At what age is there the greatest gender disparity in healthcare spending?

One of the issues that I've seen crop up with semi-regularity in this US election cycle is talk of gender-disparity in the rates charged for health insurance down there. CNN noted the following:

New research by the National Women's Law Center released Monday shows that, in states that have not banned gender rating, 92% of the top plans charge women more -- despite the fact that the vast majority of them do not cover maternity services.

I would have tended to assume that pregnancy would indeed account for the greatest difference in healthcare, but that appears to be false. What do you find if you look at data on the subject? Though women on average spend between more healthcare dollars at all ages excepting under 18:

... the greatest disparity in health care spending between men and women was in the population aged 45 to 64 years. In this age group, the median annual per capita expenditures for women were approximately 50% greater than for men ($2,871 vs. $1,849).

That's not an age range that many women become pregnant at. Even if maternity services aren't covered, insurers would seem to have a genuine reason for charging women higher rates. To quote the CDC:

... excluding pregnancy-related visits, women were 33 percent more likely than men to visit a doctor, although this difference decreased with age. The rate of doctor visits for such reasons as annual examinations and preventive services was 100 percent higher for women than for men and medication patterns differed significantly.

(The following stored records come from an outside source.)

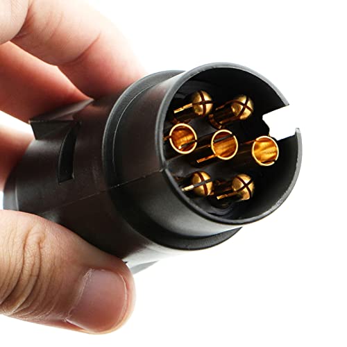 Caratteristica: la spina del rimorchio a 7 pin stabilisce un collegamento sicuro tra rimorchio e semirimorchio o altro veicolo. Ha perni rotondi in ottone per garantire una caduta di tensione minima e maniglie per un facile inserimento e rimozione.
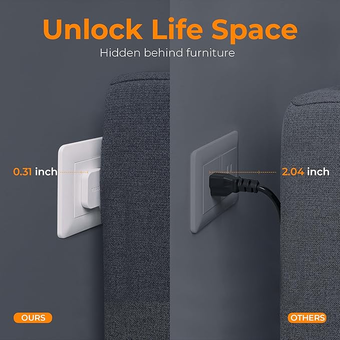 - Flat Extension Cord 15 ft: With only 0.31 in ultra thin flat head design, flat power strip can easily fit in tight spots and hide behind sofa, bed, nightstand or other furniture, sitting flush against the wall; 45° right angle design create an extra space for other plug below without blocking
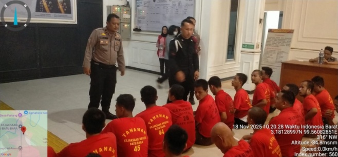 Personil Polsek Labuhan Ruku Briptu M. Rinaldi melakukan pengamanan di Lapas Kelas II A Labuhan Ruku Kab Batubara, Selasa(18/11/2025) pukul 10.39 WIB sampai selesai.
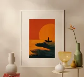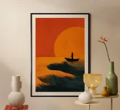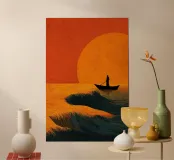 Una figura. Acque infinite. Un cielo in fiamme. Sunset Voyager è una meditazione grafica sulla solitudine e sulla direzione, dove il percorso è fluido e la destinazione indefinita. Il sole arancione incombe su onde dinamiche e lineari, guidando la silhouette solitaria in un mare di silenzio. Perfetto per gli interni moderni che celebrano il simbolismo, il viaggio e l'impatto minimalista. Un pezzo di grande effetto con una tranquilla profondità emotiva.

In Canada auto insurers are allowed to charge young men higher rates do to having a bona fide reason for this. A ruling by the EU a few years back that gender-discrimination in auto pricing had to end wasn't exactly met with a lot of enthusiasm by some - prompting headlines like Car insurance: why women face £300 rise in premiums.

Is it fair to charge women more for health insurance? Is it fair to charge men more for car insurance? ... or for life insurance? ... or to pay out at higher rates on annuities held by men? How do you deal with the reality of pregnancy? Could you, e.g., spread the costs of maternity coverage across the whole population but allow insurers to account for other gender-differences in healthcare costs? Should you ban gender-based pricing for all forms of insurance?